So, as I understand it, we first insert those records into customer_feedback table.

 

Then using the ID from that table, insert the survey records into feedback_answers?

 

Well, that makes a lot of sense but what is the relationship between the two tables?

 

It isn't obvious to me.

 

It is also not clear to me how you insert values for ChoiceID and comments.

 

I can understand how to pass the comments variable to the insert statement but not sure about ChoiceID.

 

Example,

 

name="answer[$row['qID']];

comments = $_POST["comments'];

ChoiceID = ??

 

Thanks very much for your generous assistance.

[sonnieboy]

Too bad this forum doesn't edits unless I am missing it.

 

Here is a fiddle of what I am trying to do.

 

I used your answer[$row['qID']] to generate the markup for the survey questions and choices.

 

But I need to be able to capture the customer name, location, department, date of survey, the user's choices to the six questions and the comments.

 

Thanks again.

[Barand]

The comments fields would also require an array index, like the answer e.g.

<textarea name="comment[$row['qID']]"></textarea>

So

foreach ($_POST['answer'] as $qid => $choiceid) {
     $comment = $_POST['comment'][$id];     // get the associated comment

     // insert feedbackid, qid, choiceid and comment into feedback_answer
}

You are saving customer name etc in the customer_feedback record. The related answers have the same feedback id. (see diagram ^^)

[sonnieboy]

You are awesome!

 

Thanks a lot but I am still not clear about a couple of things.

 

1, If the relationship keys between Customer_Feedback (ID) and Feedback_Answers (feedbackId) are those, why are they both PK to their respective tables?

 

Shouldn't it be ID PK for Customer_Feedback and feedBackID FK to Customer_Feedback?

 

Second, this is really important.

 

Following your example:

foreach ($_POST['answer'] as $qid => $choiceid) {
     $comment = $_POST['comment'][$id];     // get the associated comment

     // insert feedbackid, qid, choiceid and comment into feedback_answer
}

//my version:

Insert into feedback_answers (feedbackid, qid, choiceid, Comment)
Values(Value from ID (CUstomer_Feedback), where is qID value, where is choidID value?, $comment)

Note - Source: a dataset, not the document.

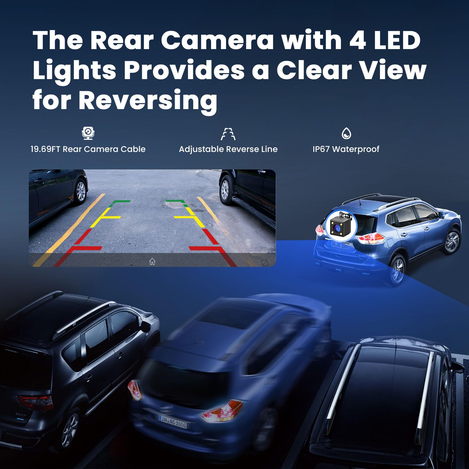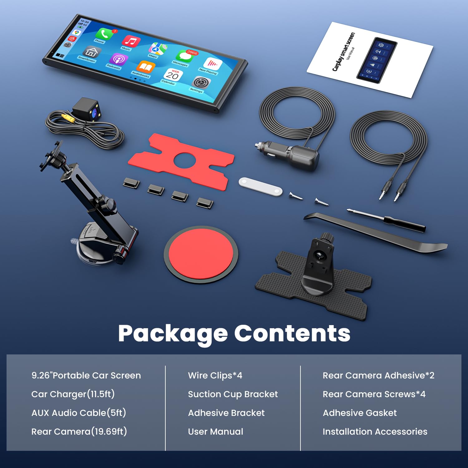 Safer Parking with Backup Camera: Equipped with a waterproof rearview camera and night vision support, the Krunia 9.26-inch wireless CarPlay screen automatically displays the reverse image when parking, making night-time maneuvers safer and easier
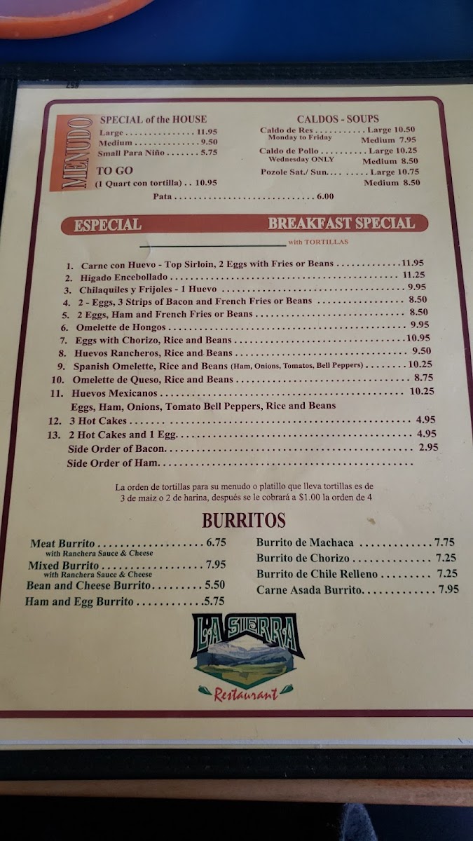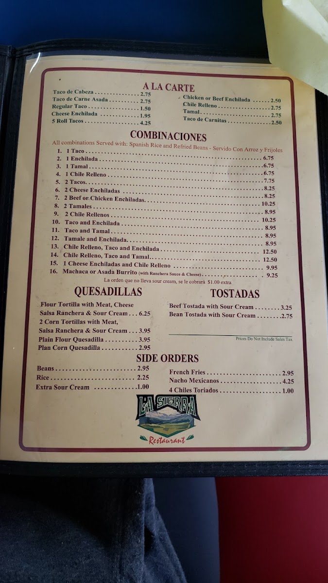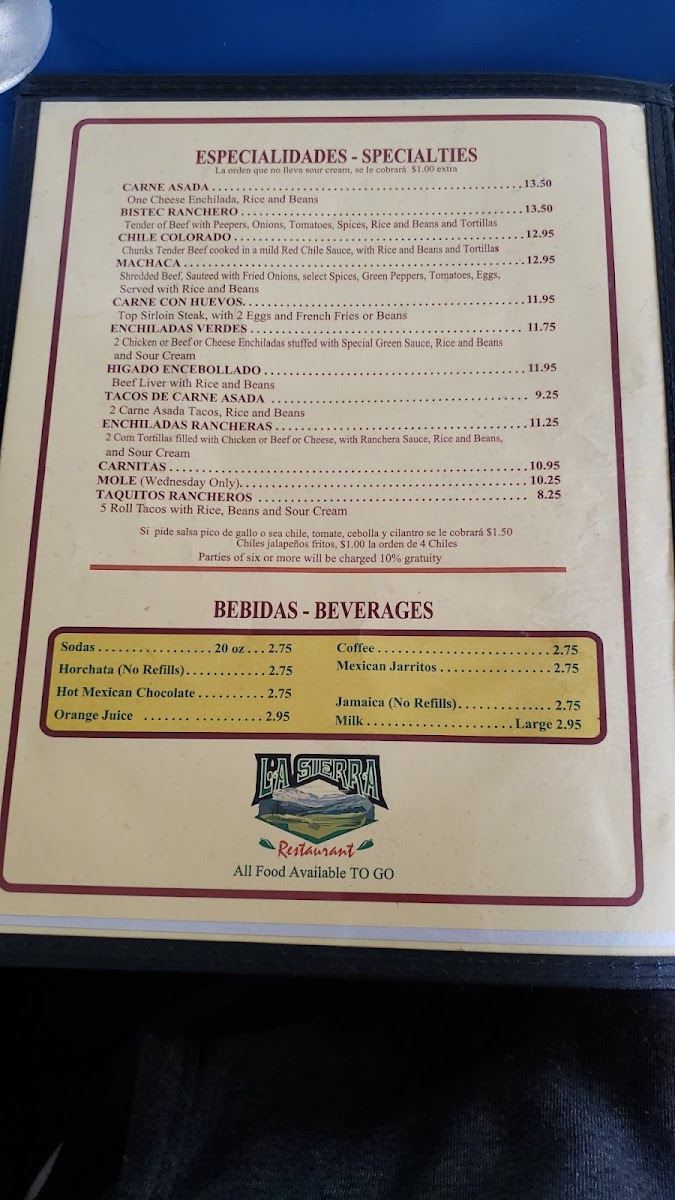 But that's just the beginning. For breakfast lovers, La Sierra Cafe has something for everyone—try the Huevos Rancheros, perfectly paired with rice and beans, or dive into the hearty Taco And Enchilada combination for a satisfying meal any time of day. Can’t decide? Opt for their combinaciones that let you explore multiple flavors in one meal, such as two Chile Rellenos or a Machaca Burrito loaded with savory goodness.

Can you please help fill the variables for qID and choiceid?

 

I can get the value of ID from Customer_feedback table and feed it to feedbackid but I need help with qID and choiceid and again I use $comment to feed value to comment field.

 

Many thanks for your continued patience.

[Barand]

 

Can you please help fill the variables for qID and choiceid?

 

You get them from the data posted from the form

 

foreach ($_POST['answer'] as $qid => $choiceid) {

[sonnieboy]

Awesome!

 

Thanks so much for your help and time.

[sonnieboy]

Sorry; I know I have closed this but still one little problem that won't go away.

 

The comments is not writing to the database.

 

Any ideas what I am doing wrong?

//Mark up
$tsql = "select q.qID, q.qText, c.choiceID, c.ChoiceText from tblQuestions q
inner join tblChoices c ON q.qID = c.qID
order by q.qID ASC, c.choices DESC ";
$result = sqlsrv_query( $con, $tsql);

   while($row = sqlsrv_fetch_array($result, SQLSRV_FETCH_ASSOC))
   {
     if ($row['qID'] != $lastQuestionID) {
       echo "<p style='font-weight:bold;color:#000000;'>" . $row['qText'] . "</p><br />";
       $lastQuestionID = $row['qID'];
     }
     echo "<div style='background:#ACD1E9;'><input type='radio' name='answer[".$row['qID']."]' value='".$row['choiceID']."' />".$row['ChoiceText']; ?>
    </div>
   <?php
   }
 ?>
 <br>
  <p style="font-weight:bold;color:steelBLUE;"><label>Additional Comments/Suggestion:</label></p>
<?php echo "<p><textarea name='comments[".$row['qID']."]' rows='2' cols='50'></textarea></p>"; ?>

//Processing page

     foreach ($_POST['answer'] as $qid => $choiceid) {
     $comments = $_POST['comments'][$id];     // get the associated comment

     // insert responses into feeback_answers
     $strSQL1 = "INSERT INTO Feedback_Answers(qID, choiceID, comments)
     VALUES ('". ms_escape_string($lastId)."','". ms_escape_string($choiceid)."','". ms_escape_string($comments)."')";
		$results = sqlsrv_query($con, $strSQL1);
       }

Everything else is working except the comments box.

[Barand]

Your first post seems to have the comments inside the while loop (comment for each question). Your last one doesn't. Which is it?

 

If there is only one comment, Then just have "name='comments'" and storeit in the customer_feedback table, not the answer table. You will get the value from $_POST['comments']

[sonnieboy]

Man, why didn't I think about that?

 

I decided to have three tables.

 

Customer_feedback,

feedback_answers

Comments

 

All responses go to feedback_answers table and the associated comments go to Comments table.

 

Great mind, great work Barand!

Everything is working great now.

 

Many thanks to you indeed.

 

Much appreciated.